[Data entries]
···
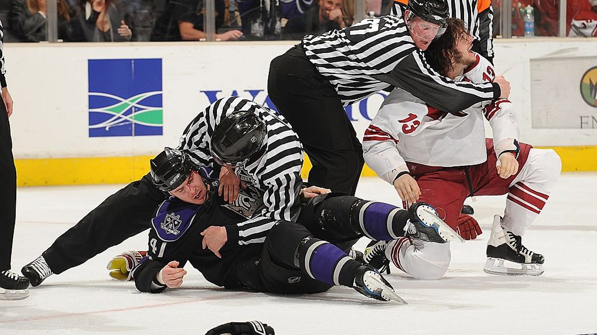 Photo: Raitis Ivanans #41 of the Los Angeles Kings and Daniel Carcillo #13 of the Phoenix Coyotes are restrained by the officials during their game at Staples Center on Feburary 18, 2008 in Los Angeles, California. (CREDIT: Juan Ocampo/NHLI via Getty Images)
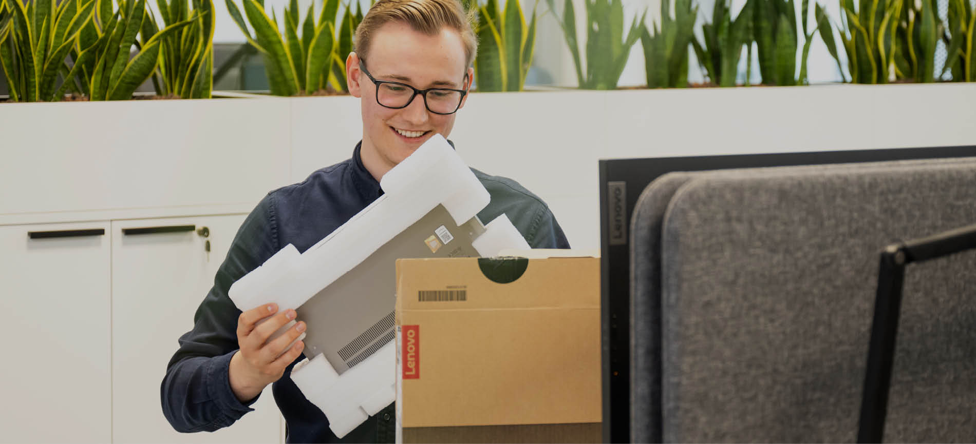 Wir haben offene Büroräume und sitzen in Gruppen zusammen. Jeder Arbeitsplatz ist höhenverstellbar, mit zwei Bildschirmen und einem Headset ausgestattet. Jeder neue Mitarbeitende bekommt zu Beginn einen Laptop ausgehändigt und kann so im ganzen Gebäude ganz flexibel von jedem Arbeitsplatz aus arbeiten.
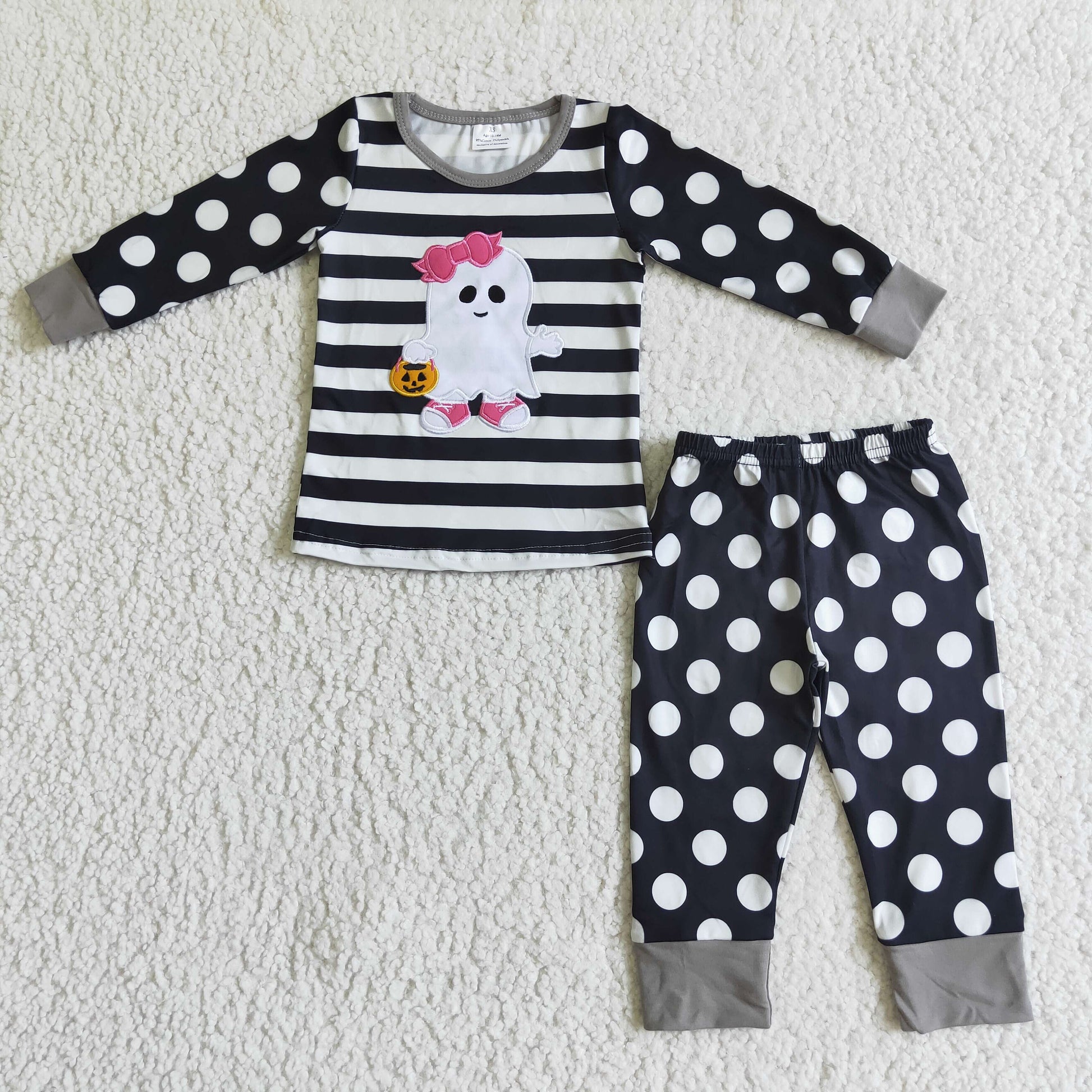 GLP0066 Halloween Black Stripes Dots Ghost Cartoon Embroidery Girls Long Sleeve Pajamas
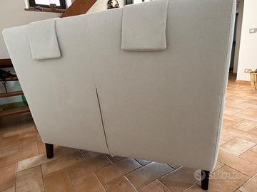 Bel divano 2 posti sfoderabile completo di cuscini e poggiatesta in perfetto stato di conservazione. Le misure sono: L130 P80 H100
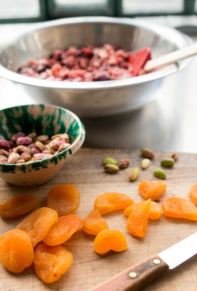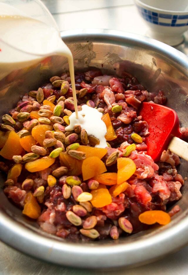 - Mix the heavy cream, apricots and pistachios into the meat mixture. Transfer the mixture to the baking pan or mold, smooth the top, and cover snugly with foil. Add hot water to the larger pan the terrine pan or mold is sitting in, so it's coming up halfway up the sides of the pan or mold. Bake for 35 minutes, then remove the foil and bake another 35 minutes, or longer, until the terrine is done. (My terrine baked in a clay bowl took longer to bake than in the metal loaf pan I used the second time I made this; after removing the foil, mine in the bowl took an additional 65 minutes. If using a loaf pan or rectangular pรขtรฉ or terrine mold, it should be done after removing the foil and baking it for the remaining 35 minutes.) You can verify the temperature with an instant-read thermometer, which should read 150-155ยบF (66-68ยบC) when done. The temperature of the terrine should continue to rise to 165ยบF (72ยบC), considered aย safe temperature, after you take it out of the oven.)
···
▶ Work to be completed: Please write the data out again exactly, but do not carry over the pictures.

▶ Answer section:
 Photo: Raitis Ivanans #41 of the Los Angeles Kings and Daniel Carcillo #13 of the Phoenix Coyotes are restrained by the officials during their game at Staples Center on Feburary 18, 2008 in Los Angeles, California. (CREDIT: Juan Ocampo/NHLI via Getty Images)
 Wir haben offene Büroräume und sitzen in Gruppen zusammen. Jeder Arbeitsplatz ist höhenverstellbar, mit zwei Bildschirmen und einem Headset ausgestattet. Jeder neue Mitarbeitende bekommt zu Beginn einen Laptop ausgehändigt und kann so im ganzen Gebäude ganz flexibel von jedem Arbeitsplatz aus arbeiten.
 GLP0066 Halloween Black Stripes Dots Ghost Cartoon Embroidery Girls Long Sleeve Pajamas
 Bel divano 2 posti sfoderabile completo di cuscini e poggiatesta in perfetto stato di conservazione. Le misure sono: L130 P80 H100
 - Mix the heavy cream, apricots and pistachios into the meat mixture. Transfer the mixture to the baking pan or mold, smooth the top, and cover snugly with foil. Add hot water to the larger pan the terrine pan or mold is sitting in, so it's coming up halfway up the sides of the pan or mold. Bake for 35 minutes, then remove the foil and bake another 35 minutes, or longer, until the terrine is done. (My terrine baked in a clay bowl took longer to bake than in the metal loaf pan I used the second time I made this; after removing the foil, mine in the bowl took an additional 65 minutes. If using a loaf pan or rectangular pรขtรฉ or terrine mold, it should be done after removing the foil and baking it for the remaining 35 minutes.) You can verify the temperature with an instant-read thermometer, which should read 150-155ยบF (66-68ยบC) when done. The temperature of the terrine should continue to rise to 165ยบF (72ยบC), considered aย safe temperature, after you take it out of the oven.)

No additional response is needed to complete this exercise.